Jesus keeps explaining that things are going to be difficult, but then he says...
But the one who endures to the end will be saved.
But the one who endures to the end will be saved. What does it look like for followers of Jesus to live faithfully in a world that is out of control? It looks like standing firm in the things that Christ has called us to be about - and we don’t have to guess about that. He has told us exactly what we are to be about in this life - love God and love your neighbor as yourself. Jesus tells his disciples that even when it seems like the world is ending, stand firm in your love for God and your love for neighbor. Do not let your fears distract you or pull you away from that.
And I love that he tells them to endure. He doesn’t say, “The one who triumphs…or the one who has immaculate success…or the one who wins all their friends to Jesus!” No, he says, just hang on to the end.

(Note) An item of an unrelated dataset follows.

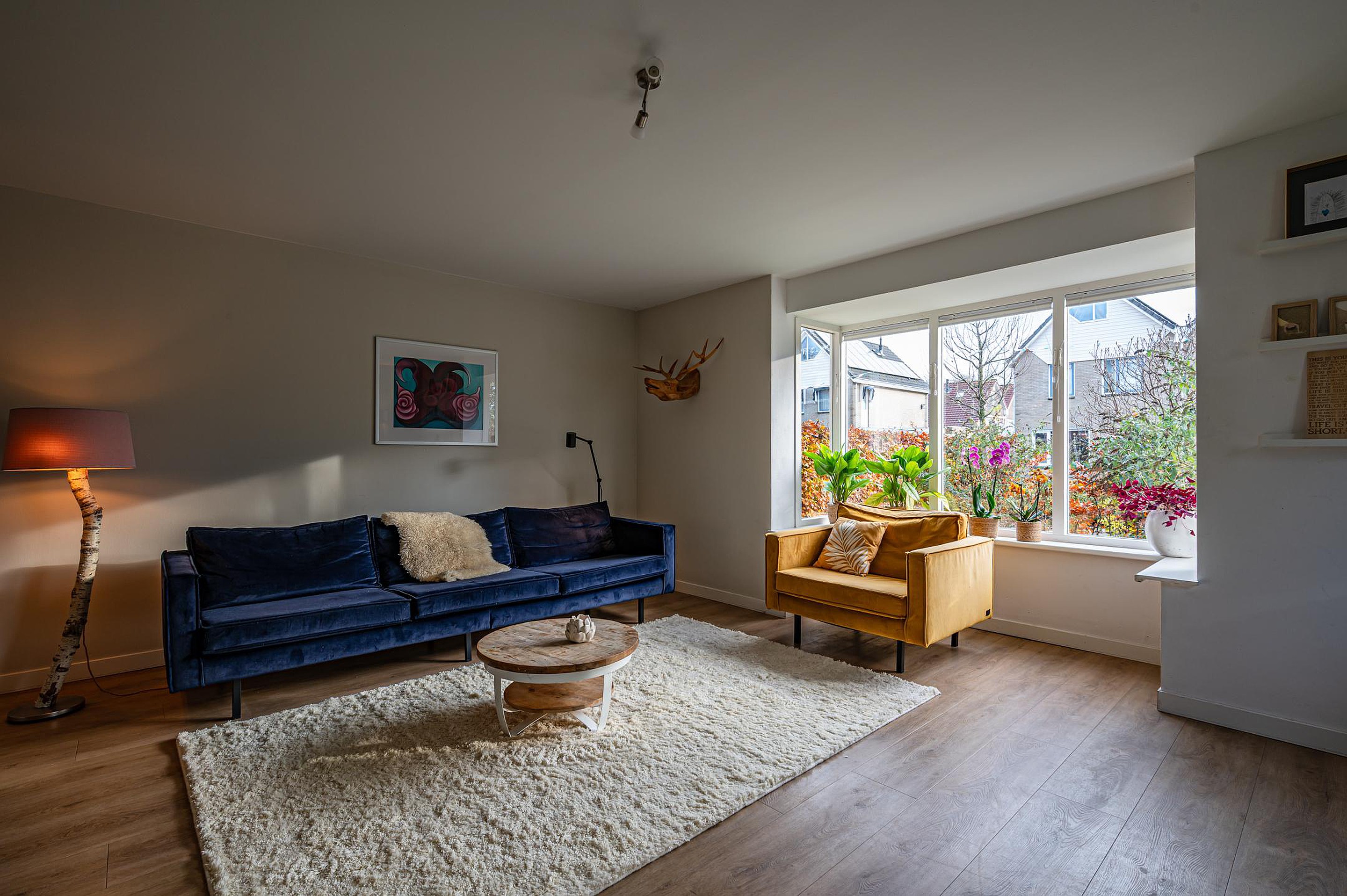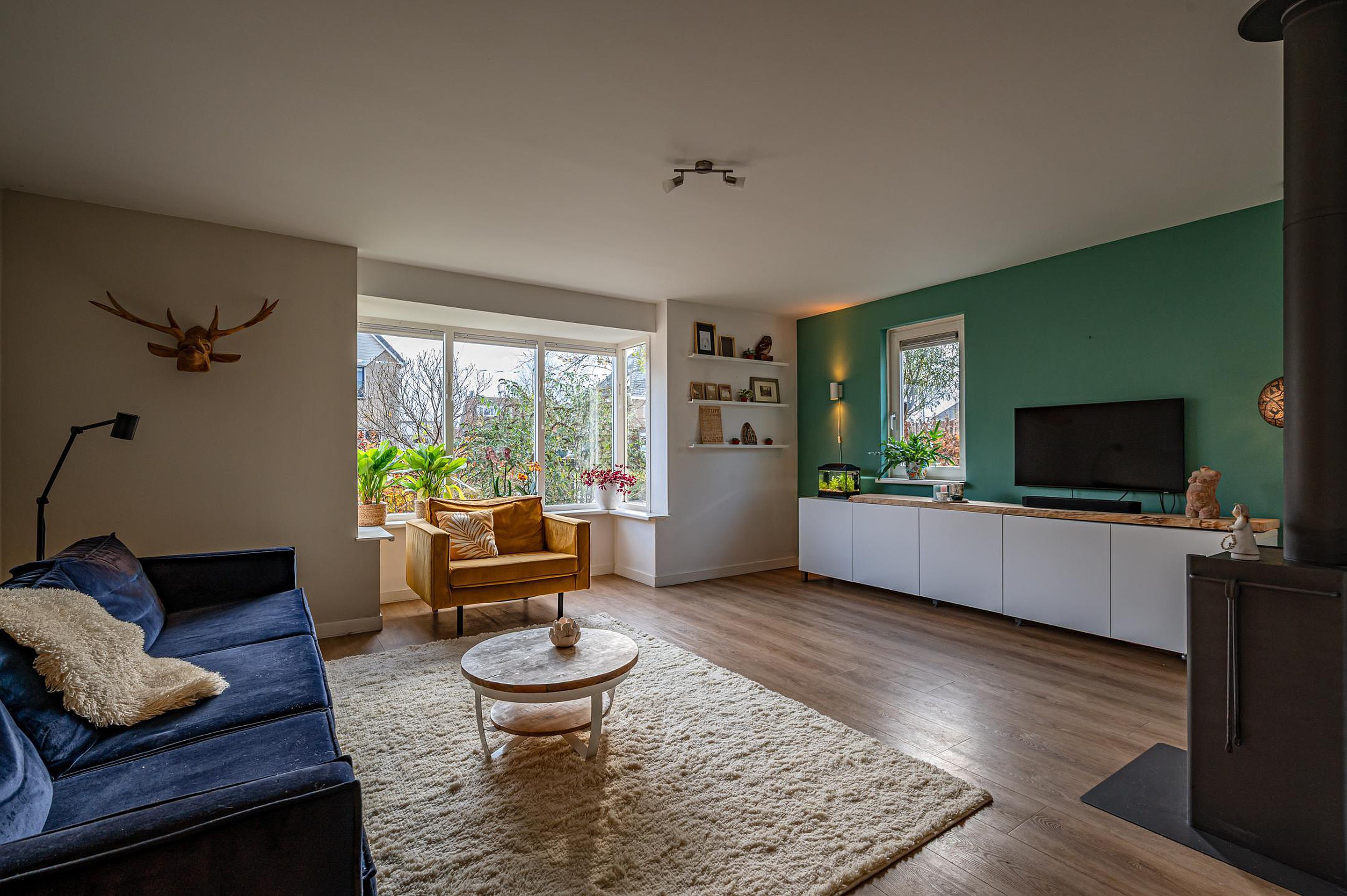 - Zeer ruime L-vormige woonkamer met erker, lichte PVC-vloer met vloerverwarming en een rookkanaal (houtkachel blijft niet achter).

I find that so encouraging, because He knows that a lot of the time, that’s all I can muster.
When we read or watch the news and the headlines are projecting doom. Inflation Crisis. Border Crisis. Pandemic Crisis. Climate Change Crisis. Or even on a more personal level. A crisis at home or at work. Jesus cares about how we live in those moments, and he’s telling us to not let them shake us to the point that we forget what he has called us to do: which is to love God and to love our neighbor as ourselves.
We abdicate our responsibility as disciples of Jesus when we live our lives consumed with every crisis of our day, wondering if the end is near. But at the same time, we abdicate our responsibility when we withdraw from the world in apathy, when we are not moved by the crises of our lives and seek ways to bring the light of Christ to bear on the people who are affected by the chaos of the world.
So what do we do? We endure and bear witness to the good news of Jesus. That’s the mindset we are to cultivate every day in a world that is out of control.